Foto: Piotr Nowak/PAP

Jak poinformował „Rzeczpospolitą” Szymon Osowski, prezes Sieci Obywatelskiej Watchdog Polska, stowarzyszenie złoży do Kancelarii Prezydenta wniosek w sprawie organizacji uroczystości, jednak – jak zapewnia – „nie po to, żeby wzbudzać dodatkowe zamieszanie, tylko upewnić się, kto pokrył koszty organizacji jej prywatnej części”.

Czytaj więcej

Krzysztof Adam Kowalczyk: Pałac Prezydencki domem biesiadnym? Pomysł na biznes pod słynnym żyrandolem

– Ale moim zdaniem całej sytuacji nie należy oceniać jednoznacznie. Trzeba pamiętać, że Pałac to aktualny dom prezydenta i jego małżonki, a więc ich sytuacja różni się od tej, w której np. prezydent miasta, jedynie pracujący w budynku urzędu, zorganizowałby tam prywatną uroczystość. Nawet biorąc pod uwagę, że córka już z nimi nie mieszka – zauważa ekspert. 

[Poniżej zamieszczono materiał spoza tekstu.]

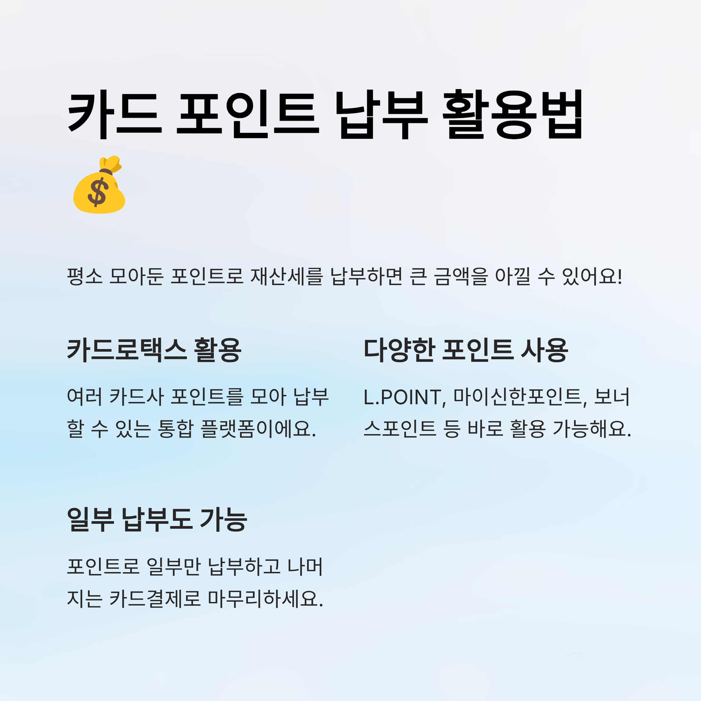 카드사 포인트, 평소에는 소소하게 사용하는 분들이 많지만, 재산세 납부 때 모아둔 포인트를 활용하면 꽤 큰 금액을 아낄 수 있어요!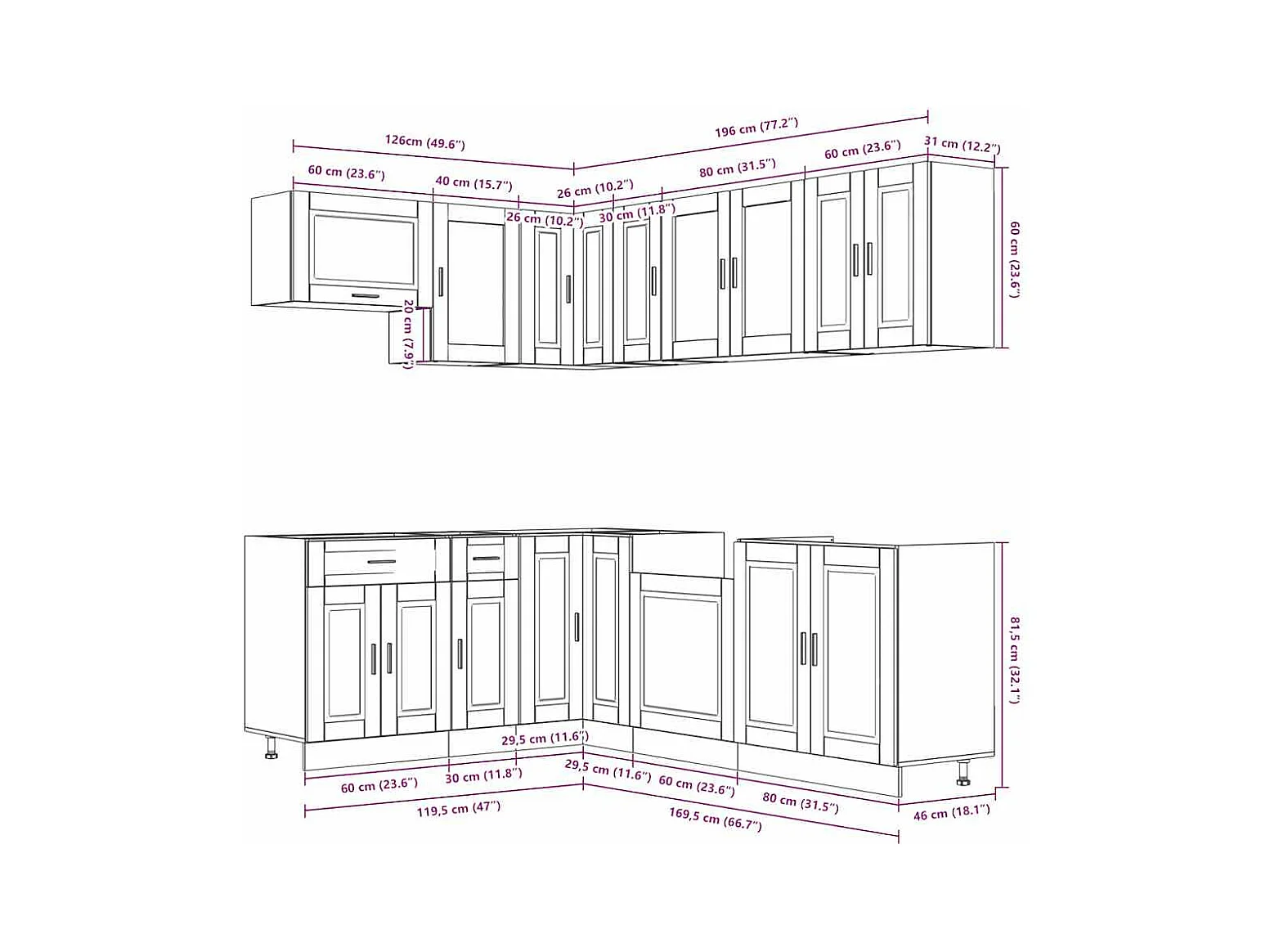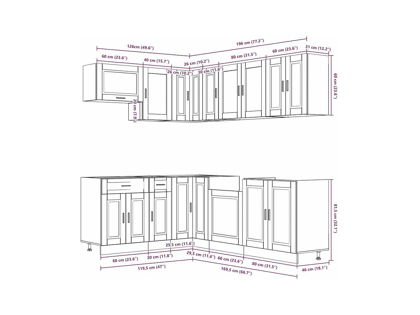 Ensemble d'armoires de cuisine 11 pcs Porto bois d'ingénierie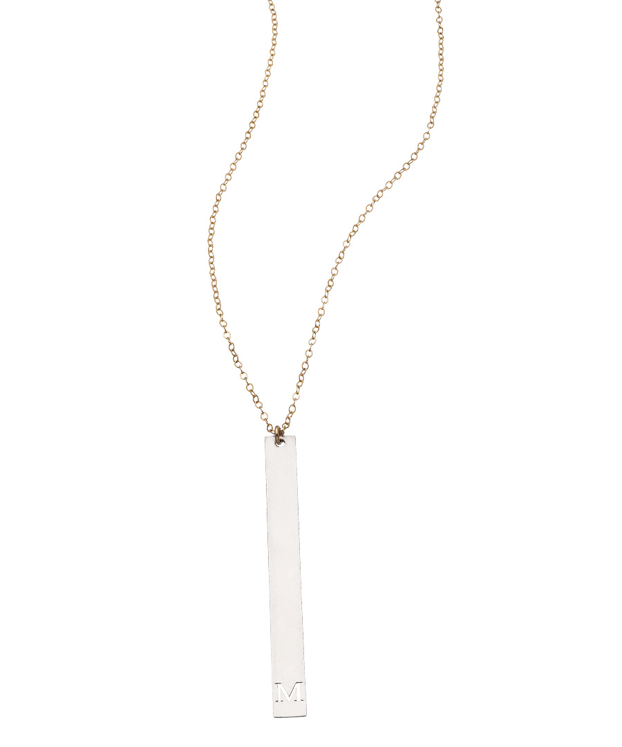 Whether you select your own or a sentimental initial, it will look stunning in this Miriam Merenfeld mixed metal vertical bar initial pendant necklace. A gleaming sterling silver bar showcases your chosen initial and is suspended from a strong gold chain. Necklace fastens with a spring clasp. Please specify initial when ordering.

Podkreśla przy tym jednak, że „pewnych rzeczy w polityce się nie robi, zwłaszcza, kiedy już jest się w niej aktywnym od wielu lat”.

– Cała sytuacja została przede wszystkim fatalnie rozegrana komunikacyjnie, więc część społeczeństwa odebrała ją jako dowód na nadużywanie zasobów publicznych do załatwiania prywatnych spraw – uważa prezes Sieci Obywatelskiej Watchdog Polska. 

Koszty ochrony byłyby wyższe, gdyby ślub odbył się poza Pałacem Prezydenckim? 

Jak zatem powinien jego zdaniem zachować się Andrzej Duda? Już przed organizacją uroczystości mógł publicznie oświadczyć, gdzie się ona odbędzie i zapewnić, że sam pokryje koszty jej organizacji.

– Nie sądzę też, że jako podatnicy ponieśliśmy znaczne koszty, bo gdyby odbyła się ona np. w obiekcie poza miastem, to – biorąc pod uwagę, że brałaby w niej udział głowa państwa – ponieślibyśmy koszty jego zabezpieczenia – ocenia Szymon Osowski. – Chodzi więc głównie o zasadę przejrzystości, bo naprawdę nie rozumiem, po co ukrywać takie rzeczy – konkluduje ekspert. 

Prawnik: chciałbym się dowiedzieć, czy każdy z nas może zorganizować ślub w Pałacu Prezydenckim? 

Bardziej radykalny w swojej ocenie jest Krzysztof Izdebski, prawnik i ekspert prawny Fundacji Batorego oraz Open Spending EU Coalition.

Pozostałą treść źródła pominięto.